All good software engineering projects devote considerable energy to testing their apps. Similarly, we strongly recommend testing your ML model to determine the correctness of its predictions.
Training, validation, and test sets
You should test a model against a different set of examples than those used to train the model. As you'll learn a little later, testing on different examples is stronger proof of your model's fitness than testing on the same set of examples. Where do you get those different examples? Traditionally in machine learning, you get those different examples by splitting the original dataset. You might assume, therefore, that you should split the original dataset into two subsets:
- A training set that the model trains on.

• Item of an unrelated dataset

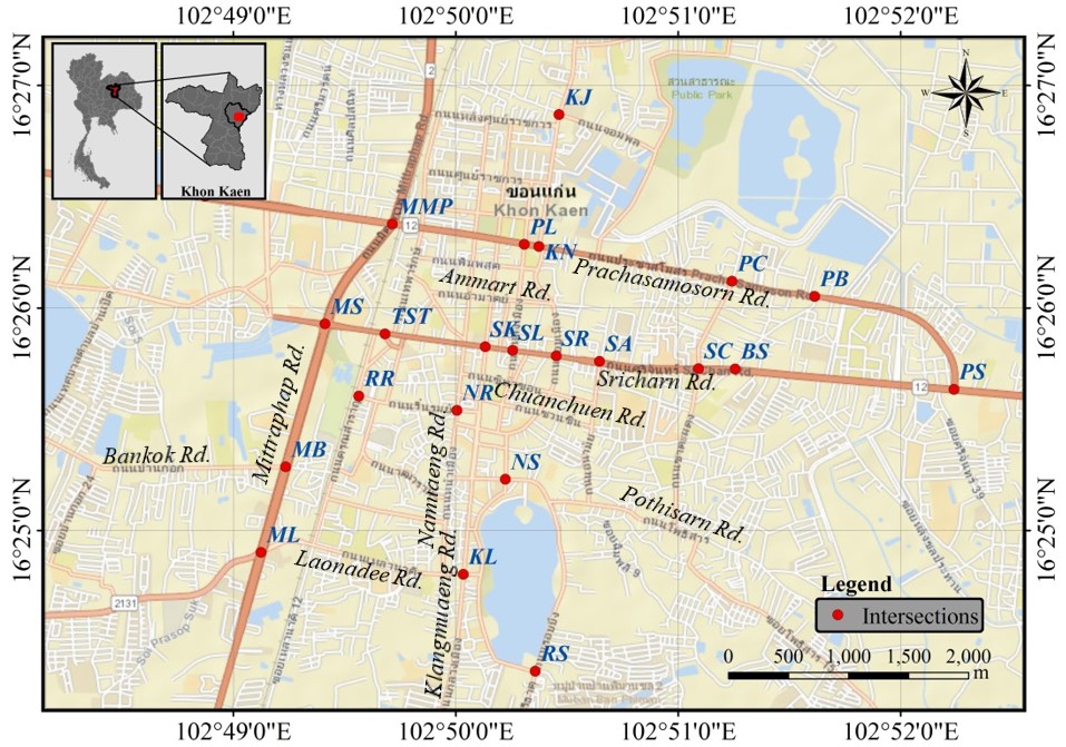 Furthermore, the coordinates for 23 intersection points within the research area were obtained from Google Maps at https://www.google.com/maps/. These intersections, which were analyzed in the study, are detailed in Table 1. Additionally, the locations of the 23 intersections depicts in Figure 2.

- A test set for evaluation of the trained model.
 
  
Exercise: Check your intuition
Dividing the dataset into two sets is a decent idea, but a better approach is to divide the dataset into three subsets. In addition to the training set and the test set, the third subset is:
- A validation set performs the initial testing on the model as it is being trained.
 
  Use the validation set to evaluate results from the training set. After repeated use of the validation set suggests that your model is making good predictions, use the test set to double-check your model.
The following figure suggests this workflow. In the figure, "Tweak model" means adjusting anything about the model —from changing the learning rate, to adding or removing features, to designing a completely new model from scratch.
The workflow shown in Figure 10 is optimal, but even with that workflow, test sets and validation sets still "wear out" with repeated use. That is, the more you use the same data to make decisions about hyperparameter settings or other model improvements, the less confidence that the model will make good predictions on new data. For this reason, it's a good idea to collect more data to "refresh" the test set and validation set. Starting anew is a great reset.
Exercise: Check your intuition
Additional problems with test sets
As the previous question illustrates, duplicate examples can affect model evaluation. After splitting a dataset into training, validation, and test sets, delete any examples in the validation set or test set that are duplicates of examples in the training set. The only fair test of a model is against new examples, not duplicates.
For example, consider a model that predicts whether an email is spam, using the subject line, email body, and sender's email address as features. Suppose you divide the data into training and test sets, with an 80-20 split. After training, the model achieves 99% precision on both the training set and the test set. You'd probably expect a lower precision on the test set, so you take another look at the data and discover that many of the examples in the test set are duplicates of examples in the training set. The problem is that you neglected to scrub duplicate entries for the same spam email from your input database before splitting the data. You've inadvertently trained on some of your test data.
In summary, a good test set or validation set meets all of the following criteria:
- Large enough to yield statistically significant testing results.
- Representative of the dataset as a whole. In other words, don't pick a test set with different characteristics than the training set.
- Representative of the real-world data that the model will encounter as part of its business purpose.
- Zero examples duplicated in the training set.